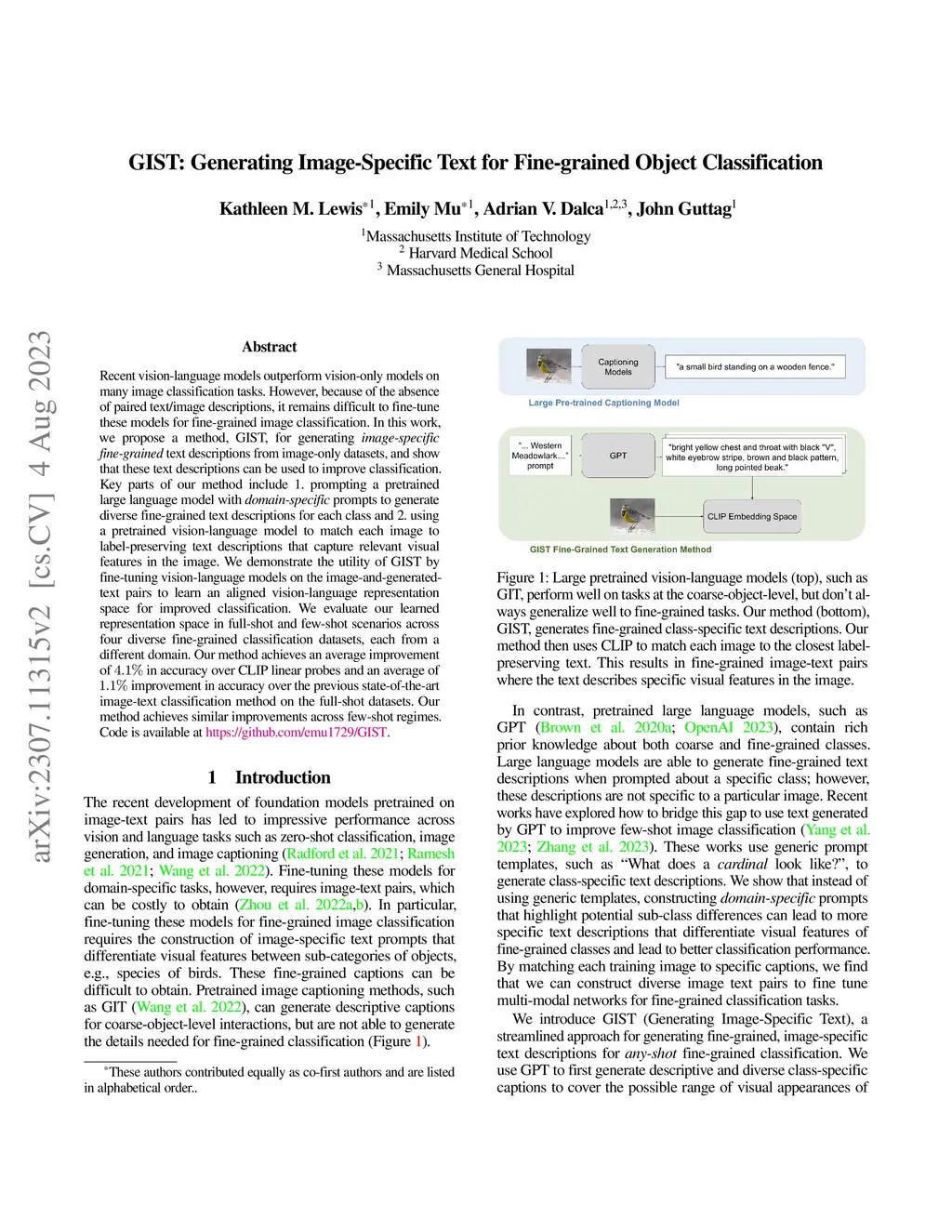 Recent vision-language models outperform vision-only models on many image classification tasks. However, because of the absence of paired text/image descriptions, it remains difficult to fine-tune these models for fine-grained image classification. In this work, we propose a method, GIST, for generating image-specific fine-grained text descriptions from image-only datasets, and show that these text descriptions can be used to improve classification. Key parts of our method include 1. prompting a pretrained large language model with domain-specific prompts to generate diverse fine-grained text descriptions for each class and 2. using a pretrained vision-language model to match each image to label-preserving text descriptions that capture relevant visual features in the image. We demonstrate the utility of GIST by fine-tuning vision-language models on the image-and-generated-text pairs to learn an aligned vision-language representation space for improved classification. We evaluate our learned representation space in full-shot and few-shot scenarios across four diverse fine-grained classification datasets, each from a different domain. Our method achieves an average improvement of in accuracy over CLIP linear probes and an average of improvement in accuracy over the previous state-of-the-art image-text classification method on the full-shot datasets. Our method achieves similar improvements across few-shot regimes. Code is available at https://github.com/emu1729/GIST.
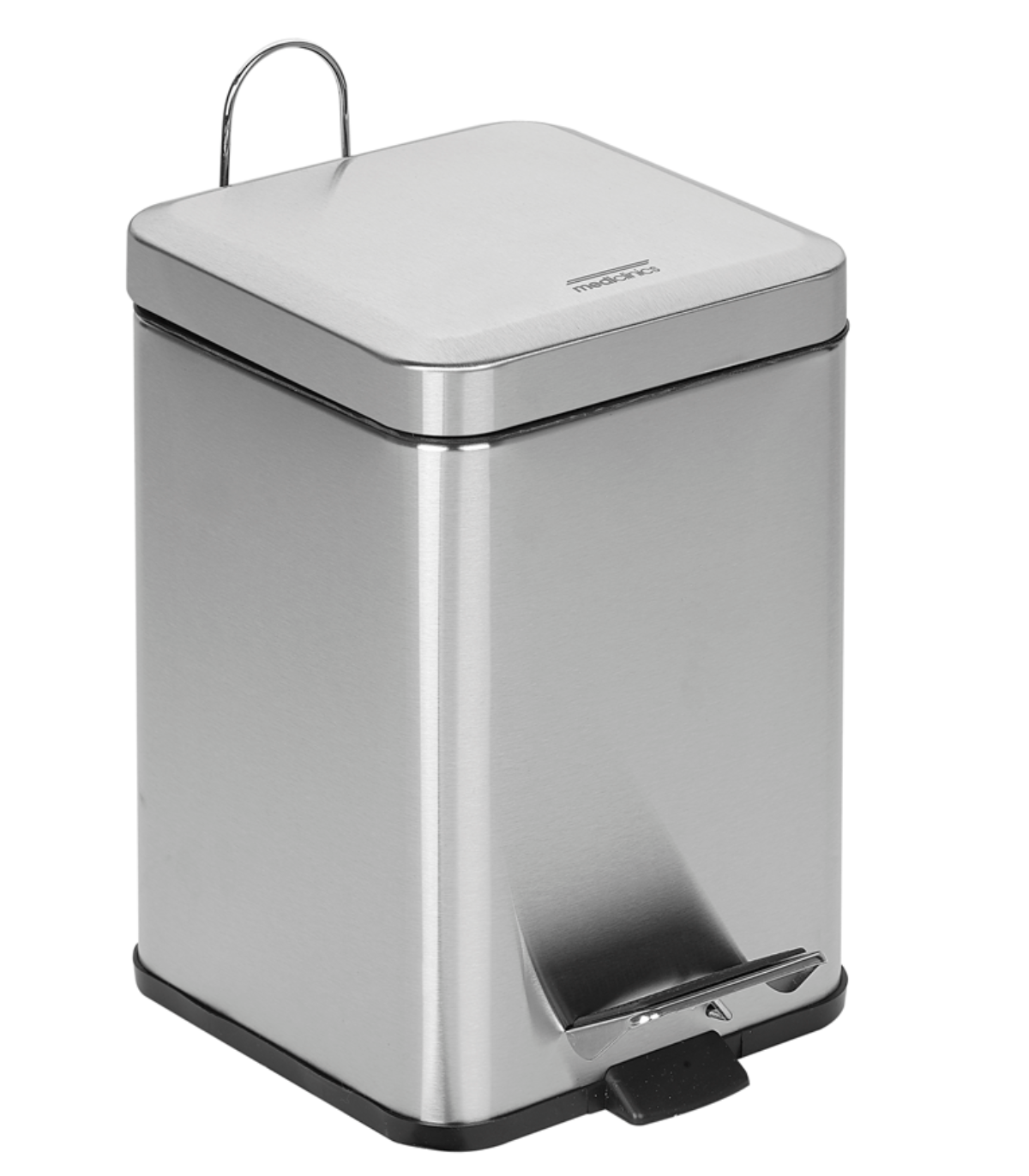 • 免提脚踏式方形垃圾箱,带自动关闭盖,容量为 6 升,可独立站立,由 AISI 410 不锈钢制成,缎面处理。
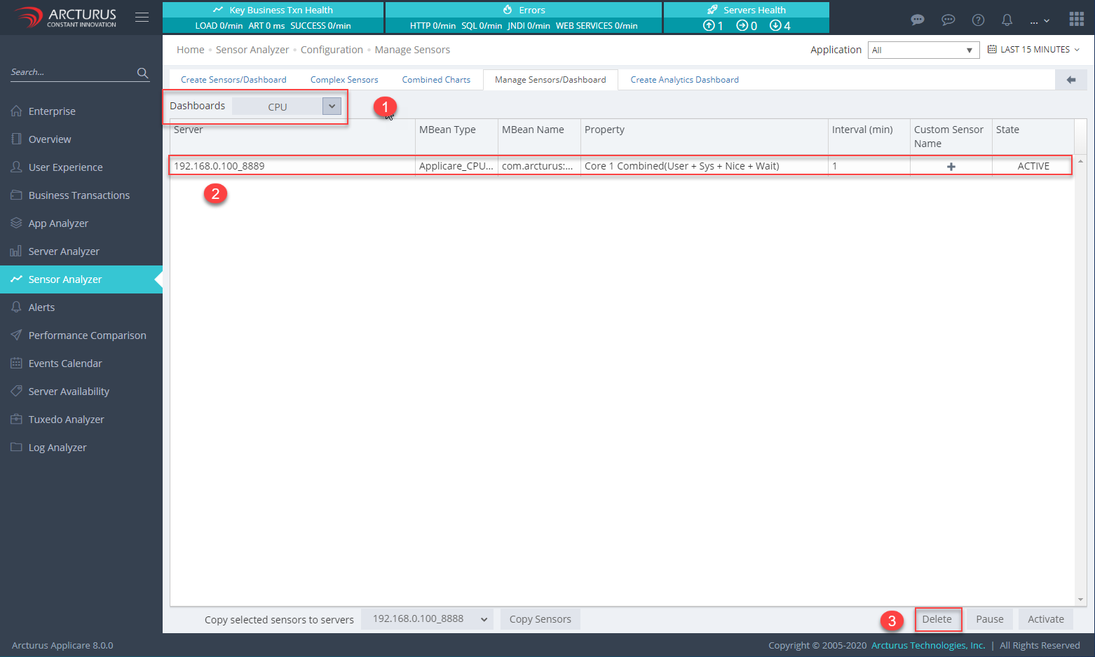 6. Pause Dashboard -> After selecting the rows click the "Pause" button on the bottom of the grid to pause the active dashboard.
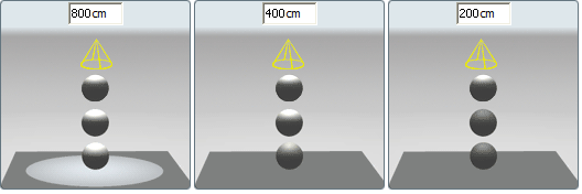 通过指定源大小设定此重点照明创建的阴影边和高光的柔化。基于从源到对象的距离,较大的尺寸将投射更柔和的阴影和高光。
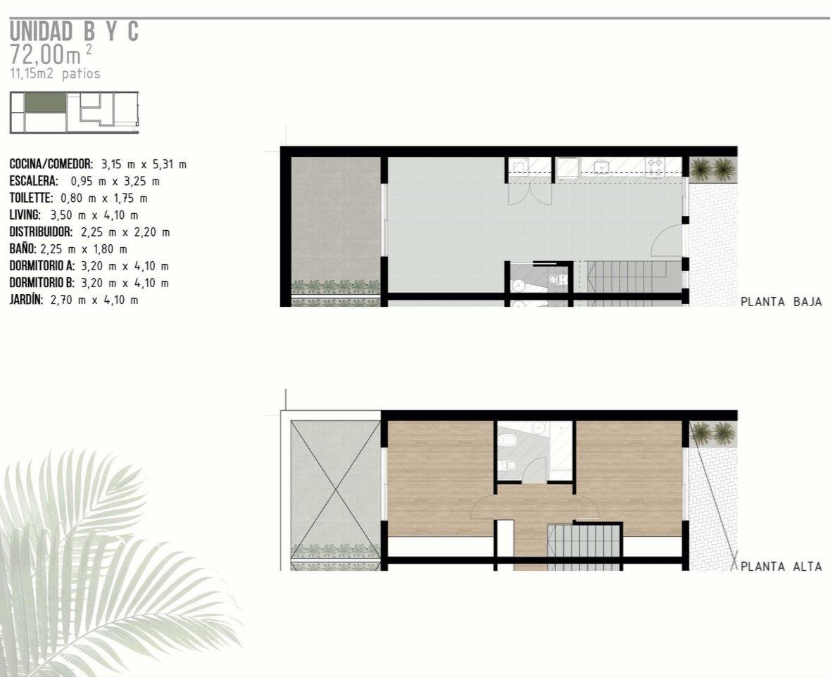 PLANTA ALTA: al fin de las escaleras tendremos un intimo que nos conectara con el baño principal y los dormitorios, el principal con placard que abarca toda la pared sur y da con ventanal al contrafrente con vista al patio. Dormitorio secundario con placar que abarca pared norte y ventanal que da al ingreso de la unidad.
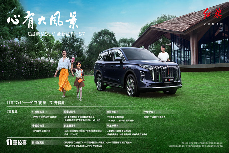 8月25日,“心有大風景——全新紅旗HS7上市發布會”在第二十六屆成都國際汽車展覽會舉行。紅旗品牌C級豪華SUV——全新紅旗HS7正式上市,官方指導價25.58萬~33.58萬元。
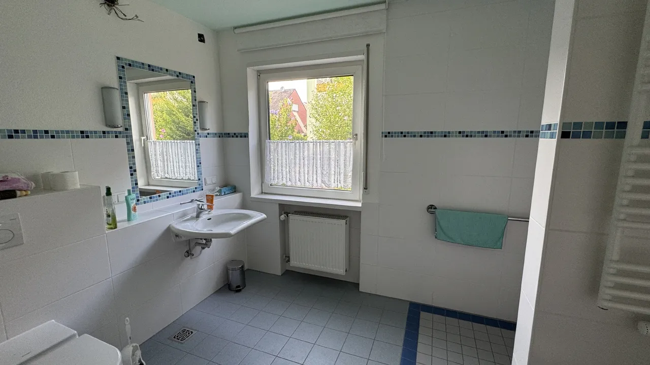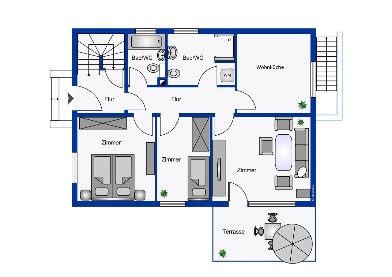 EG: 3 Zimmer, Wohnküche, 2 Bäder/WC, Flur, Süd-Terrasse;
══════════
▸ Exercise instructions
Your copy must begin at the line containing "PLANTA ALTA: al" and end at the last line of the material above. Reproduce each line exactly, but not the pictures.

▸ Task output
 PLANTA ALTA: al fin de las escaleras tendremos un intimo que nos conectara con el baño principal y los dormitorios, el principal con placard que abarca toda la pared sur y da con ventanal al contrafrente con vista al patio. Dormitorio secundario con placar que abarca pared norte y ventanal que da al ingreso de la unidad.
 8月25日,“心有大風景——全新紅旗HS7上市發布會”在第二十六屆成都國際汽車展覽會舉行。紅旗品牌C級豪華SUV——全新紅旗HS7正式上市,官方指導價25.58萬~33.58萬元。
 EG: 3 Zimmer, Wohnküche, 2 Bäder/WC, Flur, Süd-Terrasse;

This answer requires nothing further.